The acting is mostly standard fare, though Michelle Rodriguez does some decent work with some pretty terrible dialogue.  Jovovich also shines when she’s too busy kicking zombie ass to deal with a lackluster script, bringing a real presence to the action through the form of an icy glare and well-executed martial arts.  Unfortunately, the action doesn’t have much variety beyond running and shooting zombies in the face, and whenever it does it’s ruined by inept filmmaking.  Take a scene in which Alice encounters a pack of infected dogs, for example.  Jovovich does  a fine job simultaneously portraying both the character’s aggression and sense of confusion about how she’s capable of such acrobatic feats, and the scene flows at a brisk and intense pace as she kicks and shoots her way through canine attackers.  But then, just as she’s defeated the last one, a heavy metal guitar riff plays for a few seconds before abruptly disappearing.  It’s like Anderson felt the need to provide an audio cue, as if to confirm, “Yeah, that was awesome!”  We know it was awesome.  We saw it.  No need to rub it in.  With that single decision, I went from feeling like I was watching a movie to feeling like I was watching a television commercial – it’s practically begging me to like it.
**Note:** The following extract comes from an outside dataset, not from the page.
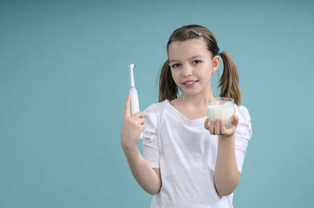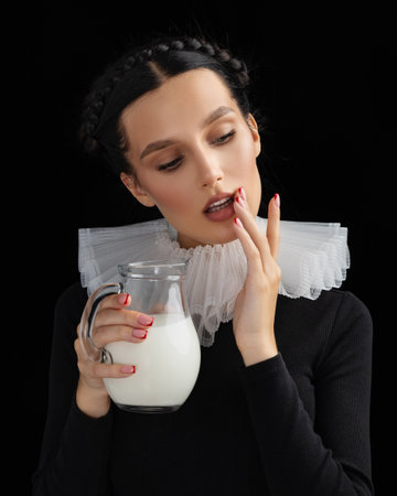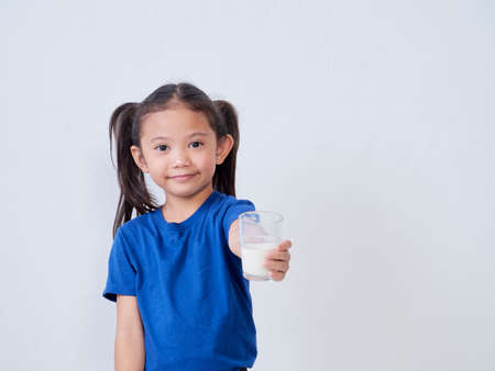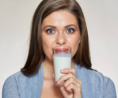 Teenage girls holding a glass of milk in hand and points a finger at milk while standing on white background.

Indeed, that’s what a great deal of the film feels like: an insecure kid who will do anything to be popular.  A flashback structure.  Random bouts of slow-motion action.  A double cross.  These aren’t innovative story and stylistic choices.  They’re formulaic and stale trends, the “what’s hot” of an ADD generation.  While these things have all been used effectively in other films, here they’re so poorly executed that the film becomes more and more of a chore to watch as it goes on.  I don’t care whether or not the characters die because I don’t know anything about them.  I don’t care about the action scenes because I’ve seen this type of thing before, and done better.

That isn’t to say everything about Resident Evil is a failure.  What makes things even more frustrating is that there actually is a lot of potential.  The few snippets of character information we get are interesting enough to inspire decent developments.  The corporate structure of Umbrella and Alice’s involvement with them could make for a more interesting protagonist, were we given further details.  The opening and closing scenes are well put-together and even made me excited to see what happens next.  But the first act of the film is so desperate to be mysterious and kinetic that it fails to give the audience anything with which it can emotionally connect.  If we want Alice and the team to live, it’s only out of respect for human life, not because we actually like them. 

Ultimately, Resident Evil is a so-so film that could have been a legitimately good genre flick with better writing and more innovative direction.  There are seeds of a good mythology present, they just aren’t allowed to bloom.  By focusing so much on the action scenes, Anderson forgot that part of what makes the games so effective is their use of mood and atmosphere.  It’s okay to pause and let the audience catch their breath, get to know more about the characters and just feel creepy between waves of zombies.  Sometimes silence is scarier than gunfire, and the more terrifying enemy is the person sitting a few feet away.